Yesterday afternoon did not start out well. At all. Within ten minutes of my older three children arriving home from school, all three were in time outs in separate rooms. Attitudes toward me and toward one another were hostile from the time they walked in the door. It was not pretty. I’ll spare you the sordid details, but suffice it to say that I laid down the law. Literally. I slapped down a notebook in front of my oldest two who can write, and told them each to copy the Fourth Commandment and its meaning three times. Then I went to my own room, honestly quite upset with all of them and wondering if it was too early to start the bedtime process. Fellow parents, ever had days like that?

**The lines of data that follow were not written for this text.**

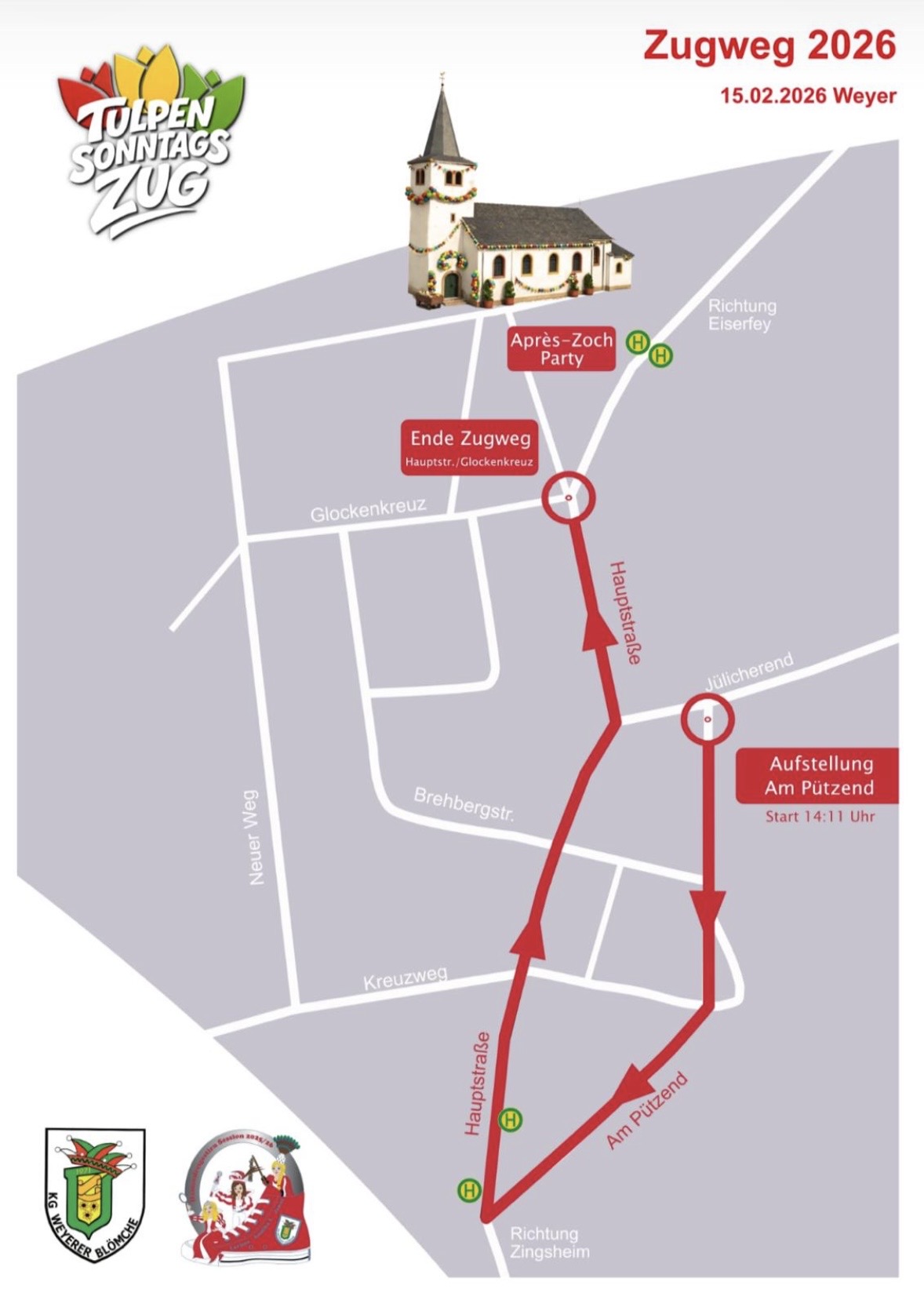In diesem Jahr gibt es auch eine besondere Neuerung: Nach Abschluss der Bauarbeiten präsentiert sich der neue Zugweg. Gestartet wird am Pützend, von dort aus schlängelt sich der bunte Lindwurm die Hauptstraße hinunter bis zum Kirchenweg. Ein frisches Kapitel für unseren traditionsreichen Zug – und ihr seid mittendrin!
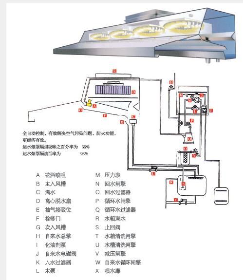 不锈钢制造,外型美观耐用,并因油污不易积聚,故方便清理及长期保持清洁卫生。能降低炉具范围温度为厨师提供更佳的工作环境。如水源突然中断,烟罩仍能如常继续运作,帮助保持厂房继续运作。
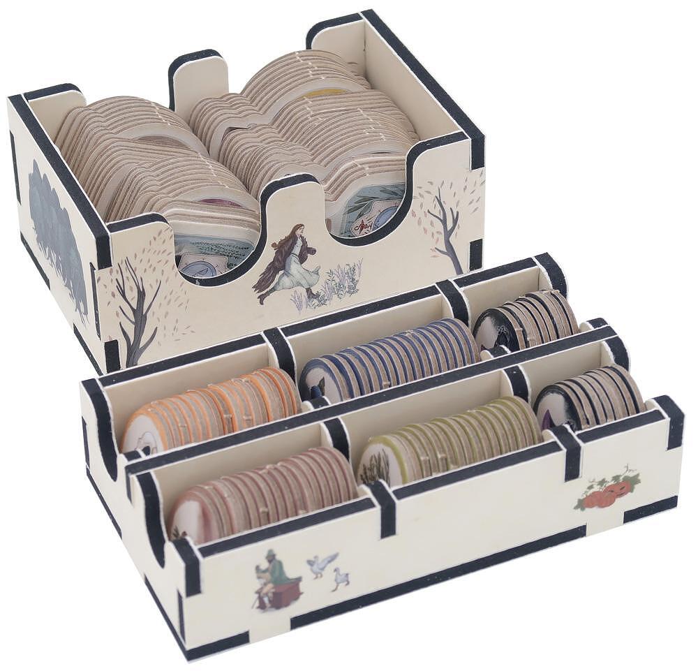 Official full colour insert compatible with Septima®, including the Shapeshifting & Omens® expansion. The design provides both efficient storage and improved game play. Many of the trays can be utilised during the game, and they greatly aid set-up and clear-away times. The rules and boards act as a lid on top of the trays.
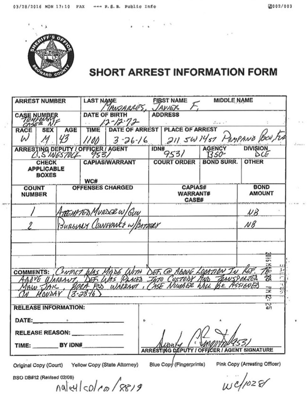As Florida blogger Peter Schorsch noted, Manjarres had previous run-ins with law enforcement. It was reported that he was arrested in 1995 for burglary with assault.
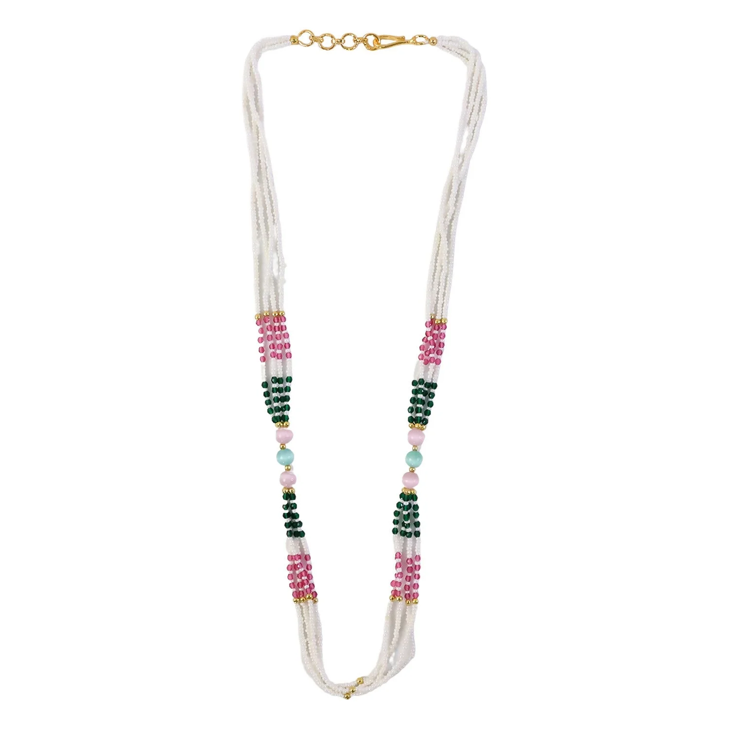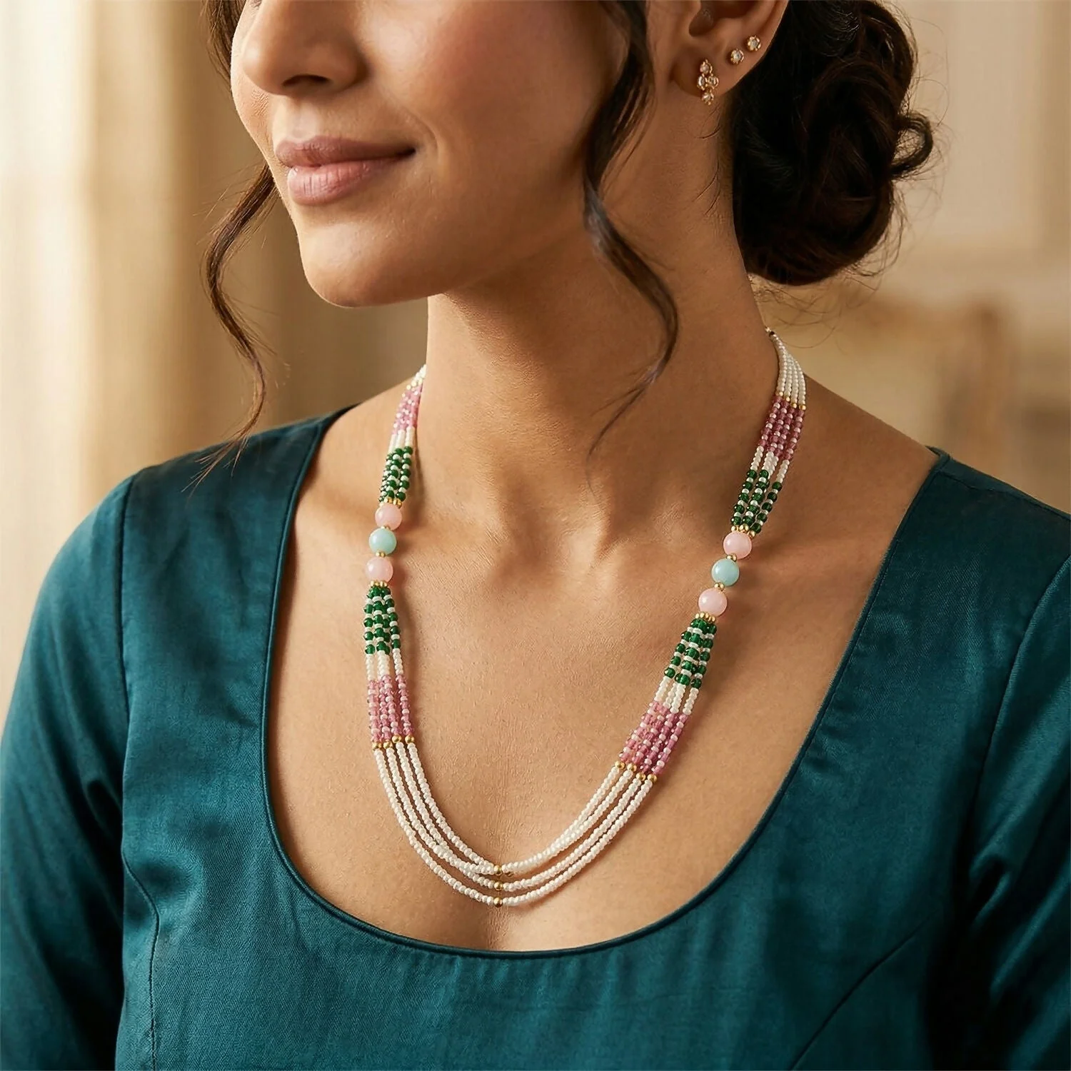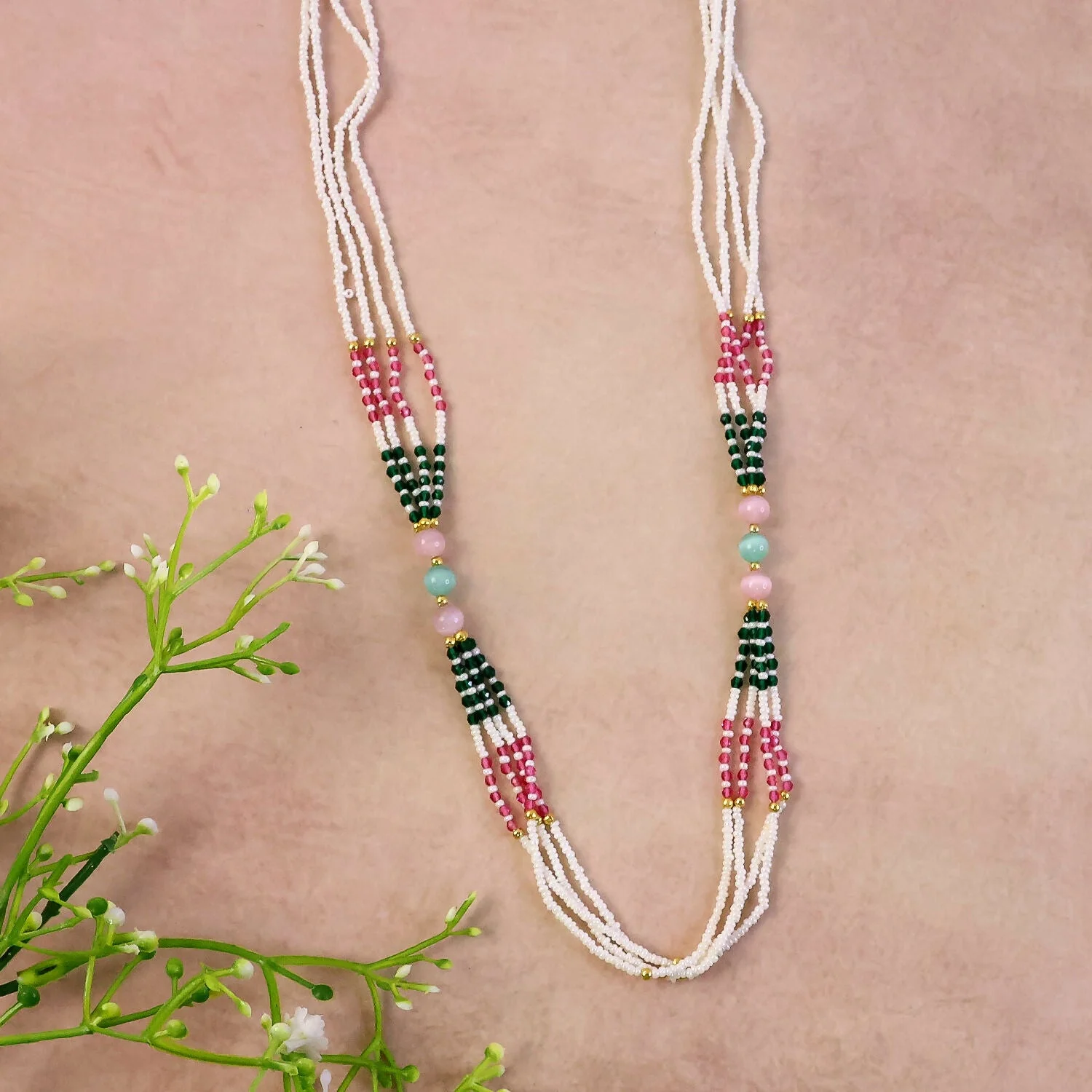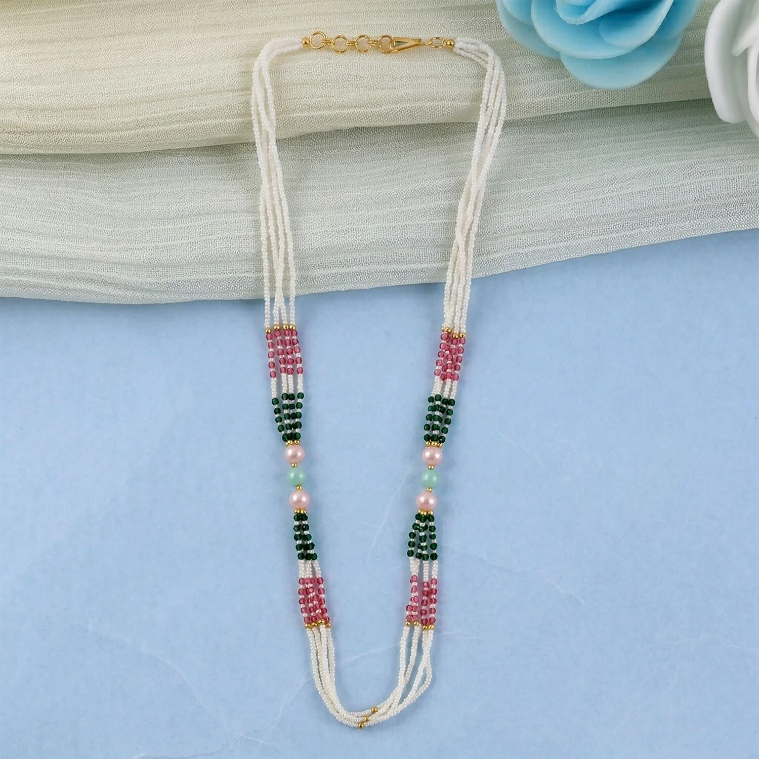 Enhance your everyday and festive look with this beautifully handcrafted beaded mala necklace. Designed with a graceful combination of multicolor beads and layered strands, this piece adds a touch of elegance and tradition to your outfit. The handmade detailing gives it a unique charm, making it stand out from regular accessories. Its lightweight feel ensures comfortable wear throughout the day, whether for casual outings or special occasions. A perfect blend of simplicity and style, this necklace complements both ethnic and modern attire effortlessly.

As I sat in my room yesterday, I realized something. I could let this sour attitude prevail in our house, infecting our attitudes for the rest of the afternoon and evening, and place myself at the mercy of my childrens’ moods, or I could be proactive and go to them first. Now, in all honesty, I really didn’t want to be the one to make the first move. After all, they were the ones who had come home in bad moods, so why should I have to be the peacemaker? Yet as I thought about the alternative, I knew there was only one choice. I had to be the one to initiate the reconciliation process. Yes, I was still mad at my kids, but my love for them won out even in my anger. I didn’t want us to have a crummy remainder of the day, and I wanted to show them a better way to resolve things. I was concerned for their overall good. So with a little prayer for my own sake, I walked into the room of the first child, asked what was bothering him, and had a really good one-on-one chat with him. We ended by praying together. I did the same for the other two kids as well, and the rest of the day actually turned out to be very pleasant.
Now, I’ve often had real-life object lessons demonstrated by my children, and this was no exception. Just as my children came in yesterday determined to be miserable and make life miserable for everyone else, so do we come into this world completely sinful. “There is no one righteous, not even one; there is no one who understands, no one who seeks God. All have turned away…there is no one who does good, not even one,” Romans 3:10-12 points out. See, we can’t choose God. We don’t have some inherent good in us that commends us to God. We can’t turn from our sins and choose to follow Him. Not at all. We’d never do it. If I had waited for my kids to come out of their rooms on their own yesterday and apologize to everyone, they’d still be in their separate rooms right now. Same with us. If God had waited for us to come to Him, we’d all still be lost. We were “dead” in our transgressions, Ephesians 2:1 tells us. The Greek word there is “corpse.” Powerless. Hopeless. Lifeless. That was us without God’s intervention.
But God didn’t let us stay that way. He made the first move. His love for us trumped any righteous anger. He had every right to leave us to our sins on the path to destruction and hell. But He didn’t. He came to us with more than the Law. He came to us with the Gospel. He sent Jesus to be one of us, to live a perfect life we could never live, and to die for sins we had committed. Then He rose from the dead to show that He has dominion over sin and even death. His victory is ours. “Because of his great love for us, God, who is rich in mercy, made us alive with Christ even when we were dead in transgressions—it is by grace you have been saved,” Ephesians 2:4-5 assures us. The action here is all God’s. 100%. And leaving that action up to God is a much bigger comfort than leaving it up to myself. So you see, I don’t have to choose God. He already chose me. For all eternity.
October 30, 2014 at 2:53 pm
Beautiful message and a great object lesson for the children as well as the mother.